Statistical significance may not necessarily mean that a difference is clinically meaningful. Finding a statistically significant difference indicates that the difference identified between the treatment arms is unlikely to be due to chance; rather, it is likely due to the intervention. However, the difference may not be substantial enough to affect the outcomes that matter to the patient (i.e., a clinically significant difference). For instance, a statistically significant difference in blood pressure may not be large enough to produce an outcome that experts in the field believe would make patients’ lives better.
Conducting proper data analysis requires an adequate number of participants (sample size) to detect a difference between treatment arms. The study power that the investigators set is used to determine the number of participants needed. A power of 80% or 0.8 is commonly considered acceptable in clinical studies.
Effect size provides information on the magnitude of the difference between the study arms and therefore is indicative of the importance of the difference found. One common term associated with measures of effect size is relative risk (RR).
Relative risk is a measure used to compare the probability of an event occurring in the treatment group versus the control group. In practical terms, it is calculated by dividing the probability (usually %) of the event occurring in the treatment group by the probability of it occurring in the control group. A RR of 1 implies that there is no difference in risk of the event between groups.
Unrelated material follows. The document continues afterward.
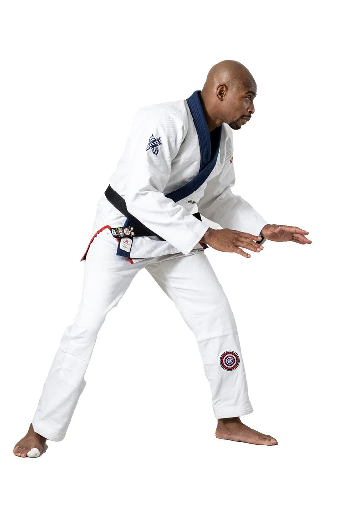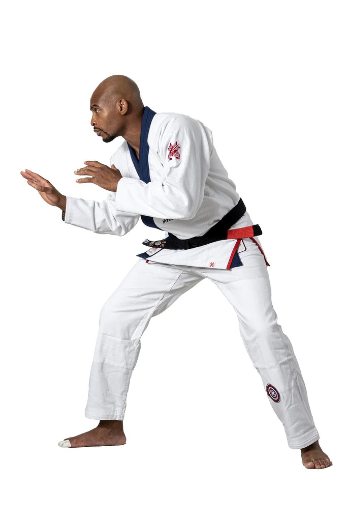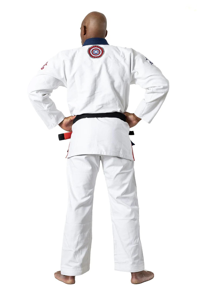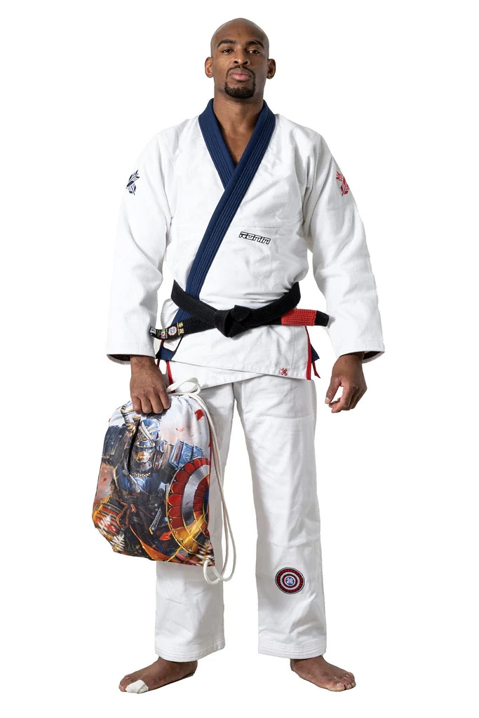 Это белое ги с синим лацканом украшено фирменной вышивкой, усилено тройными швами, имеет предварительную усадку. Прочная куртка из мягкого хлопка высшего качества имеет антибактериальный воротник EVA. Внутренняя подкладка из сетчатого материала с графикой "суперсолдата" выполненной методом сублимации. Штаны из плотного хлопка с двойными коленями, эластичная веревка для надежной фиксации. В комплекте фирменный мешок для хранения и транспортировки.

A RR < 1 implies a lower risk of the event in the treatment group, whereas a RR > 1 implies a higher risk of the event in the treatment group. For example, a RR of 0.6 indicates that the treatment group has a 40% lower risk of the event compared to the control group.
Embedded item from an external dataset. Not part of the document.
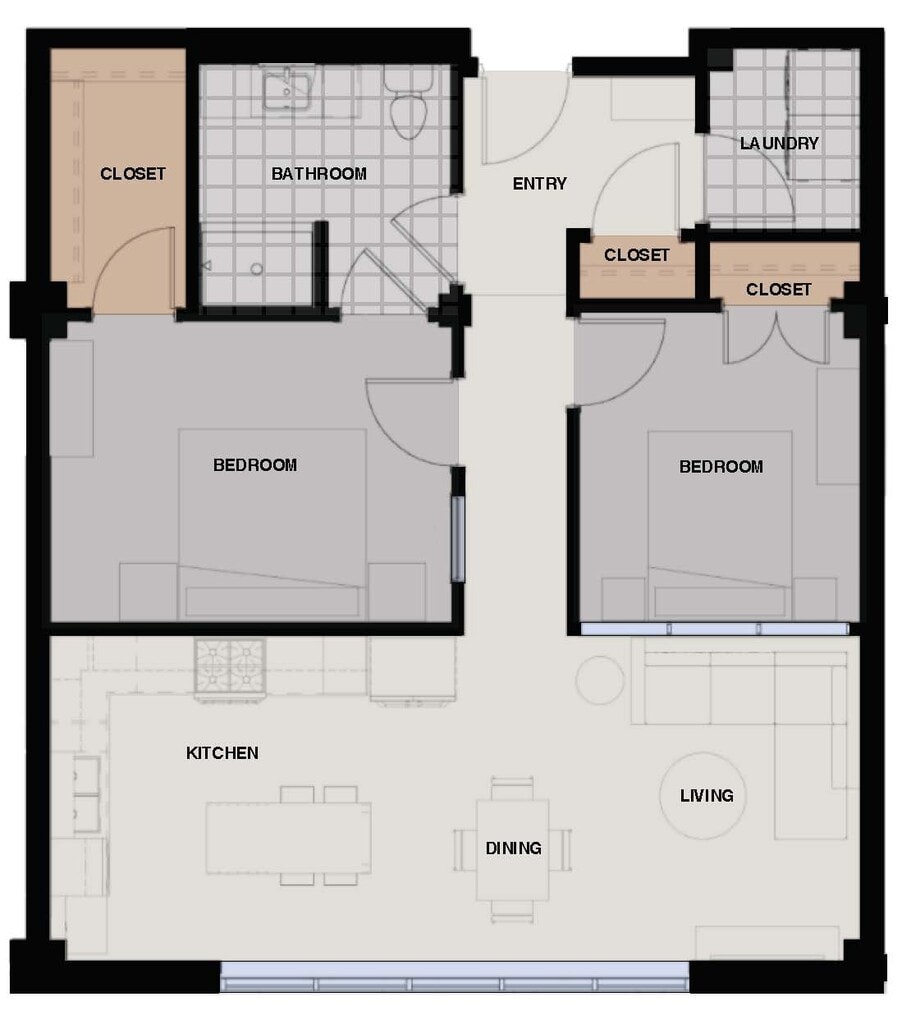 2 Beds, 1 Bath, 952 sq ftAvailable NowModel Gallery

Confidence interval (CI) is a term used in conjunction with the study’s findings (e.g., the RR) and refers to the range where the true effect size is expected to lie. In most cases, a 95% CI is used. This means that if the study was repeated over and over, 95% of the resulting RR would fall within this CI. The width of the CI is related to the sample size and variability of the sample; the narrower the CI, the greater the precision of the values. If the 95% CI for a RR crosses 1 (e.g., 0.4-1.2), a statistical difference between study arms is not present. Likewise, if study findings are presented as an estimated difference, a 95% CI crossing a 0 (e.g., -1.2-0.9) indicates that the difference is not statistically significant.
Basic skills in study analysis and critique are required for pharmacists to be able to interpret clinical studies. Applying study results to practice can help pharmacists improve patient outcomes.